Do you guys remember my horror stories about online dating? Apparently I haven't taken enough abuse so I'm at it again. I've found some handsome, sweet-sounding men so far. No dates yet, but I've had some really interesting messages. One guys told me that it was important to have sex very soon after meeting because it was the key to a lasting relationship. I politely declined and told him good luck on his booty call search. (I wonder what will happen when his junks doesn't work as well as it used it. Will he then learn the art of conversation?)
I got a message today that made me laugh out loud. If they wasn't 45 I would have probably responded. Although he is a little crazy sounding:
"I cannot, cannot, cannot use chopsticks. Now I refuse to. Otherwise it takes about 4 hours to eat my meal. That's if I get any. My food's usually sprayed around the restaurant. Nearby diners spend the evening picking my chow mein from their clothes, eyebrows and nostrils. The fortune cookie's a farce. Mine always says "You are still very hungry". The wait-staff suppress giggles when they give me my bill. Sometimes I take the bus for the adventure. A few days ago, I sat beside this HUGE old black lady who offered me some home-baked raisin bread. She rummaged through 3 big trash bags and, after a few close shaves with an excitable chihuahua, produced it. She said that if I knew Jesus, I could have some. I didn't want the bread but denying Jesus didn't sound too promising either. I mean, I like Jesus but he LOVES me so it's a bit awkward. As I quietly panicked, she dinged the bell and ordered me to carry her bags off the bus.

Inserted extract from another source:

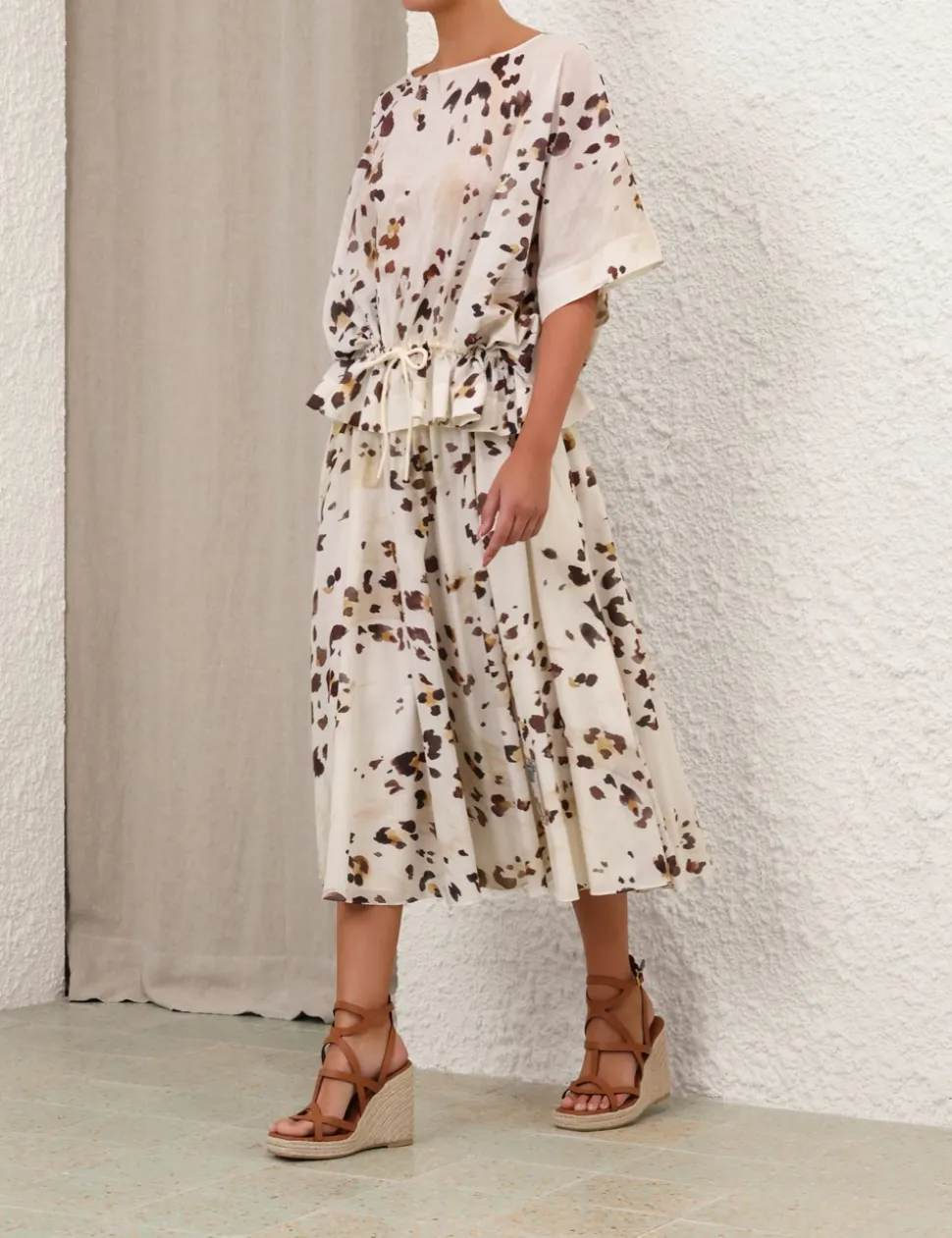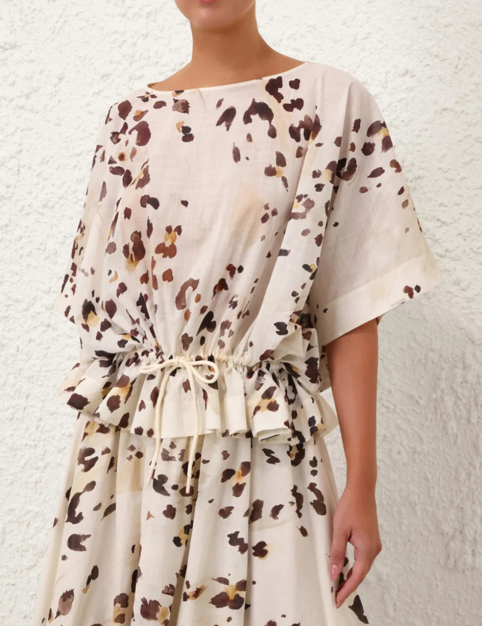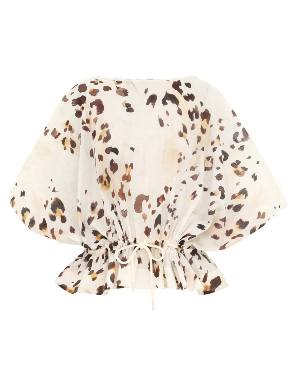 The Acacia Draw Waist Top in Watercolour Leopard from our Resort Swim 2025 Collection. A cotton shirt featuring wide short sleeves, boat neckline and drawstring waistband with rope ties.

I precariously lumbered her trash bags, careful to cause as little bodily harm as possible to fellow passengers. When I got back to my seat, she'd left me some raisin bread anyway. I fed it to the dog. Never did like chihuahuas."
So, as you snuggle with your husband/wife/girlfriend/boyfriend or whatever, please keep me in mind. I'll be out there pounding the e-mails to find my love. He's GOT to be out there somewhere. He's just really really hard to find.